Nadezhda Dorofeeva, pediatrician, member of the pedagogical association:
Taking care of children is not an easy job
The child always needs a mother. Especially when it comes to a very young child who needs the love and attention of the person closest to him almost constantly. Therefore, for mothers who are still on maternity leave, I would advise first of all to focus on taking care of the child. In order for the baby to feel the constant presence of the mother, I recommend talking to him about every action. For example: "Now we will put on a vest, and then we will eat" You need to talk to a child from the first days of his life.
The calm voice of the mother calms the baby best. And we must not forget that caring, raising children is not an easy job, these are often sleepless nights near the cradle, this is a state of heightened attention to how the baby grows, develops, how much and how he eats, sleeps. Frankly, it's hard for me to imagine a woman who could combine any other work with conscientious care of a small child. Of course, family situations can be different.
And one should not forget about the future. Over time, the mother herself will understand, again intuitively, when she can gradually entrust the care of the child - first for a few minutes, then hours - to dads and grandmothers. Then, for example, while the baby is sleeping, you can do some additional activity. But again, only if the woman feels the strength in herself and does not need rest.

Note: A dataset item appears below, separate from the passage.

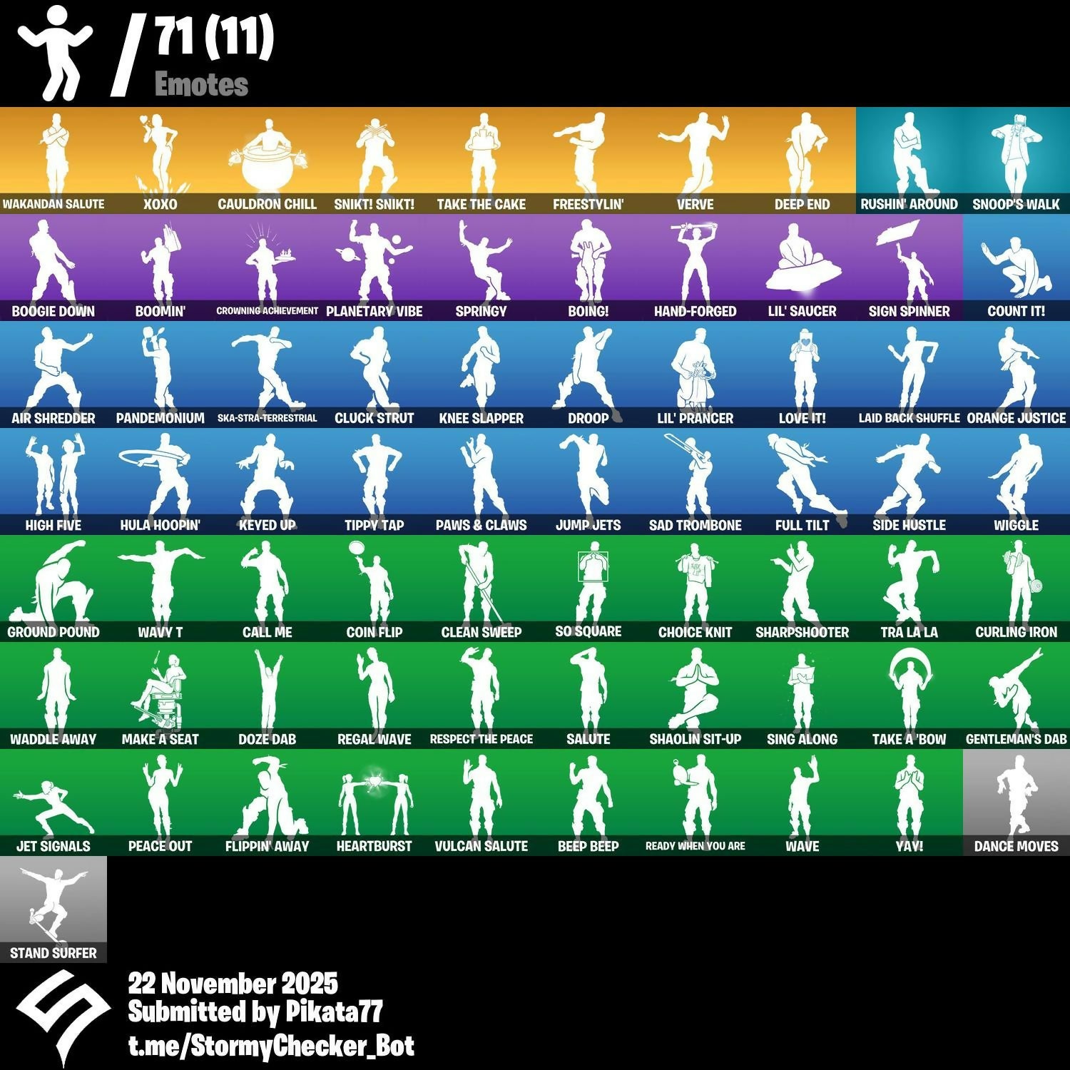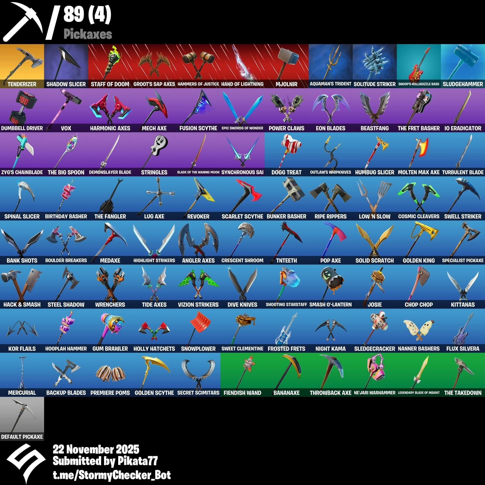 8-Ball Vs Scratch, Agent Peely, Air Shredder, Angler Axes, Aquaman, Aquaman's Trident, Arctic Adeline, Backup Blades, Bananaxe, Bank Shots, Beastfang, Beep Beep, Birthday Basher, Blade Of The Waning Moon, Blizzabelle, Boing!, Boogie Down, Boomin', Boulder Breakers, Brutus, Bunker Basher, Bunker Jonesy, Call Me, Cameo Vs Chic, Catalyst, Cauldron Chill, Charlotte, Choice Knit, Chop Chop, Clean Sweep, Cluck Strut, Coin Flip, Cosmic Cleavers, Count It!, Crescent Shroom, Curling Iron, Dance Moves, Deadpool, Deep End, Default Pickaxe, Demi, Demonslayer Blade, Dive Knives, Doctor Doom, Dogg Treat, Doze Dab, Droop, Dumbbell Driver, Eon Blades, Epic Swords Of Wonder, Fade, Fiendish Wand, Flippin' Away, Flux Silvera, Freestylin', Frosted Frets, Full Tilt, Fusion, Fusion Scythe, Gear Specialist Maya, Gentleman's Dab, Golden King, Golden Scythe, Groot, Groot's Sap Axes, Ground Pound, Guff Gringle, Guggimon, Gum Brawler, Hack & Smash, Hammers Of Justice, Hand Of Lightning, Hand-Forged, Harmonic Axes, Heartburst, High Five, Highlight Strikers, Holly Hatchets, Hooplah Hammer, Hula Hoopin', Humbug Slicer, IO Eradicator, Iris, Jennifer Walters, Jet Signals, Joey, Josie, Journey Vs Hazard, Jules, Jump Jets, Keyed Up, Kit, Kittanas, Knee Slapper, Kor Flails, Krisabelle, Kymera, Laid Back Shuffle, Legendary Blade Of Insight, Lil' Prancer, Lil' Saucer, Love It!, Low 'N Slow, Lug Axe, Major Mancake, Make A Seat, Mancake, Mandalorian, Mave, Mech Axe, Medaxe, Meowscles, Mercurial, Midas, Mjolnir, Molten Max Axe, Mystique, Nanner Bashers, Ne'Jari Warhammer, Night Kama, Ocean, Orange Justice, Outlaw's Whipknives, Pandemonium, Paws & Claws, Peace Out, Planetary Vibe, Polar Peely, Pop Axe, Power Claws, Premiere Poms, Ready When You Are, Red Jade, Reese, Regal Wave, Remedy Vs Toxin, Respect The Peace, Revoker, Ripe Rippers, Rippley Vs Sludge, Rox, Ruby Shadows, Rushin' Around, Sad Trombone, Salute, Santa Dogg, Scarlet Scythe, Scuba Jonesy, Secret Scimitars, Sentinel, Shadow Slicer, Shaolin Sit-Up, Sharpshooter, Shooting Starstaff, Side Hustle, Sign Spinner, Sing Along, Singularity, Siona, Ska-Stra-Terrestrial, Skye, Sled Ready Guff, Sledgecracker, Sludgehammer, Smash O'-Lantern, Snikt! Snikt!, Snoop's Holladizzle Bass, Snoop's Walk, Snowplower, So Square, Solid Scratch, Solitude Striker, Specialist Pickaxe, Spinal Slicer, Springy, Staff Of Doom, Stand Surfer, Steel Shadow, Storm, Stratus, Stringles, Sunny, Sweet Clementine, Swell Striker, Swift, Synchronous Sai, Take A 'Bow, Take The Cake, Tenderizer, The Big Spoon, The Fangler, The Fret Basher, The Takedown, Thor, Throwback Axe, Tide Axes, Tippy Tap, Tnteeth, Tntina, Toona Fish, Tra La La, Trailblazer, Turbulent Blade, Turk Vs Riptide, Vega, Vendetta, Verve, Vizion Strikers, Vox, Vulcan Salute, Waddle Away, Wakandan Salute, Wave, Wavebreaker, Wavy T, Wiggle, Wrenchers, X-Lord, Xoxo, Yay!, Yulejacket, Zyg, Zyg's Chainblade

As for the idea of entrusting communication with the child to an online nanny, it seems dubious to me. Whatever courses a person graduates from, he will still communicate with your child remotely.
Just imagine: mom went to another room to make a business call, work with documents. And the child at that time was left alone in front of the computer monitor. And if, God forbid, he falls from the chair? Or simply does not want to communicate with "someone else's aunt"? This means that mom will still have to control the process. Of course, for older children, already schoolchildren, such a model may be possible. But also with a proviso: if the mother is one hundred percent sure that communication gives the child pleasure, does not excite him. For a short time or in an emergency, perhaps, an online nanny can be a lifesaver. But in general, the intervention of an outsider, with whom the child has only eye contact, is unlikely to be beneficial.